* **What to do**
Set every line of the data down again exactly, and keep the pictures out.

====

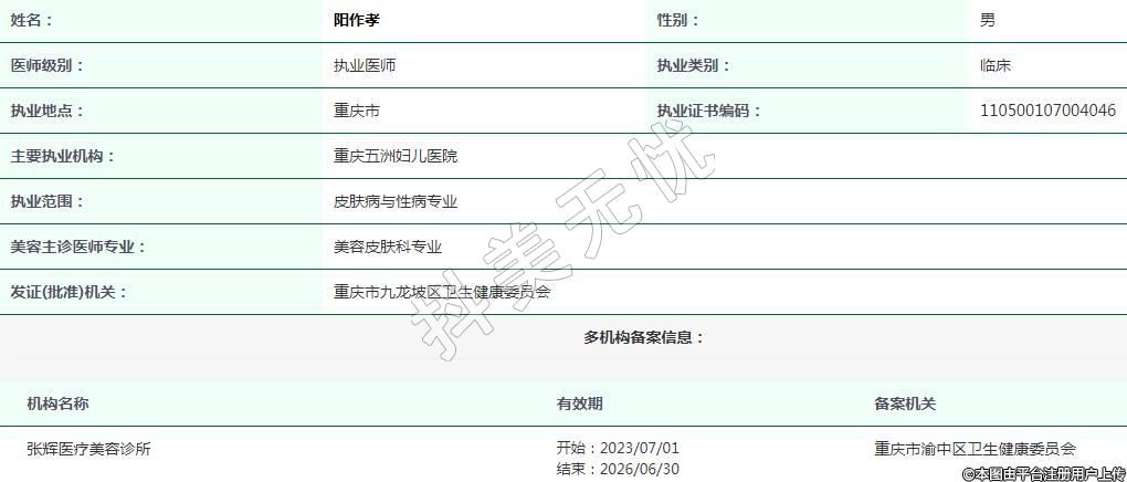 重慶張輝醫(yī)療美容執(zhí)業(yè)醫(yī)師 -
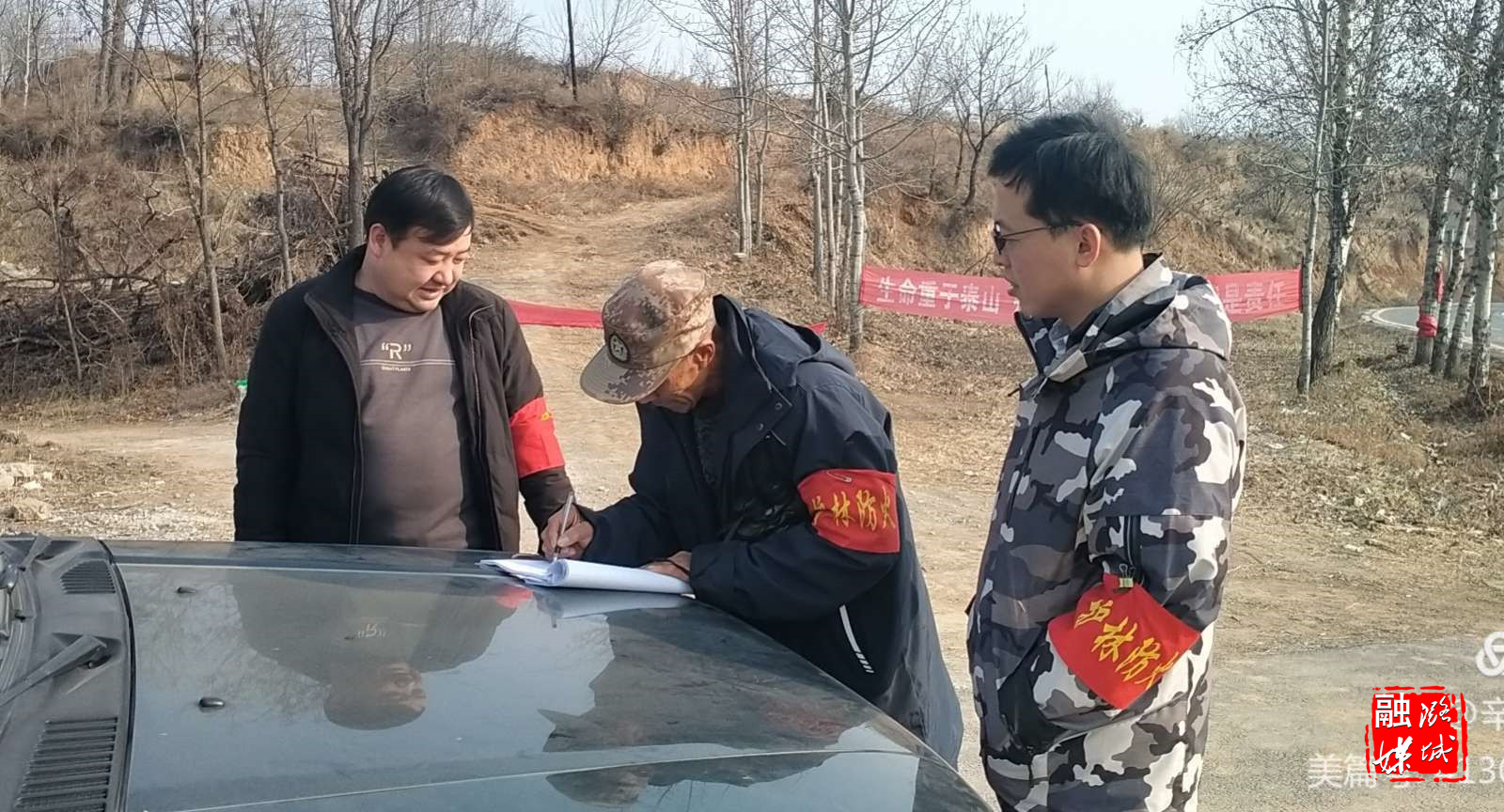 ▲辛安泉镇林业站工作人员开展森林防火日常巡查。
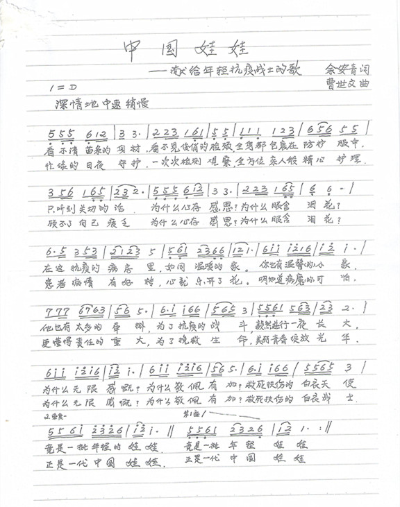 歌曲《中國娃娃》余安青作詞、曹世文作曲
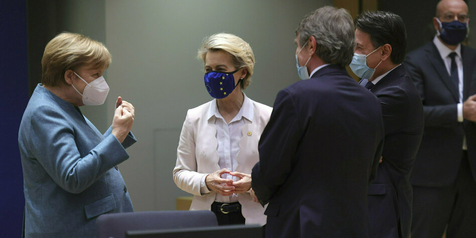 mit Merkel und Spahn gestellt – während des deutschen EU-Vorsitzes von Juli
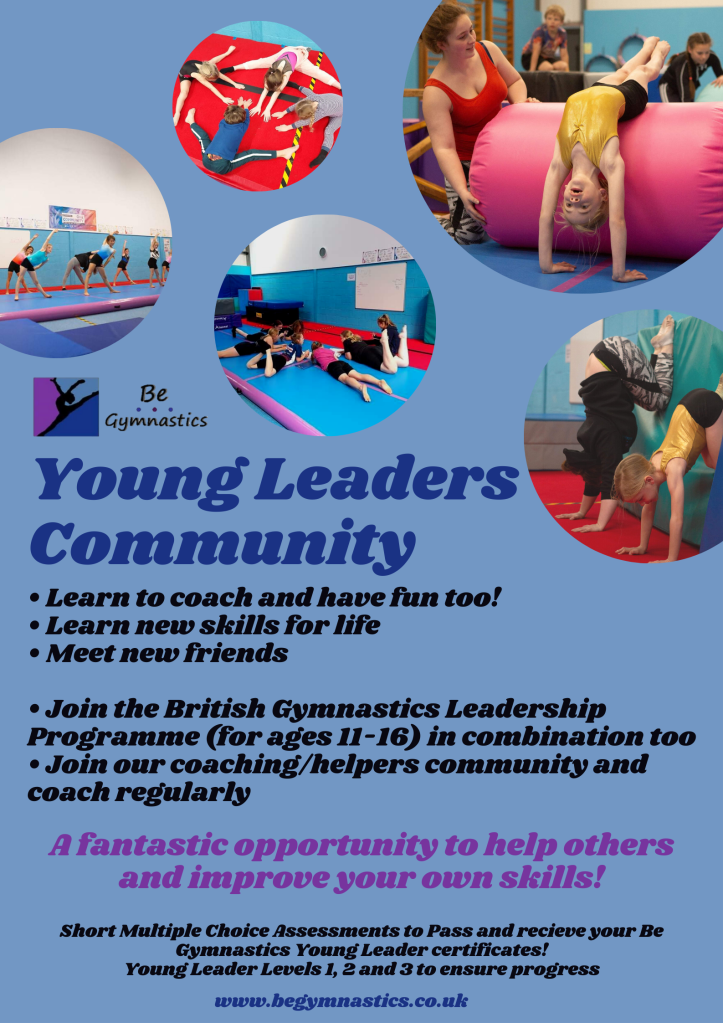 We are also happy to assist helpers with Duke of Edinburgh Qualifications so if you are interested in joining our Young Leaders Community, please pop us a message on our social media or email us at begymnasticsclub@gmail.com

====

* **Exercise answer**
 重慶張輝醫(yī)療美容執(zhí)業(yè)醫(yī)師 -
 ▲辛安泉镇林业站工作人员开展森林防火日常巡查。
 歌曲《中國娃娃》余安青作詞、曹世文作曲
 mit Merkel und Spahn gestellt – während des deutschen EU-Vorsitzes von Juli
 We are also happy to assist helpers with Duke of Edinburgh Qualifications so if you are interested in joining our Young Leaders Community, please pop us a message on our social media or email us at begymnasticsclub@gmail.com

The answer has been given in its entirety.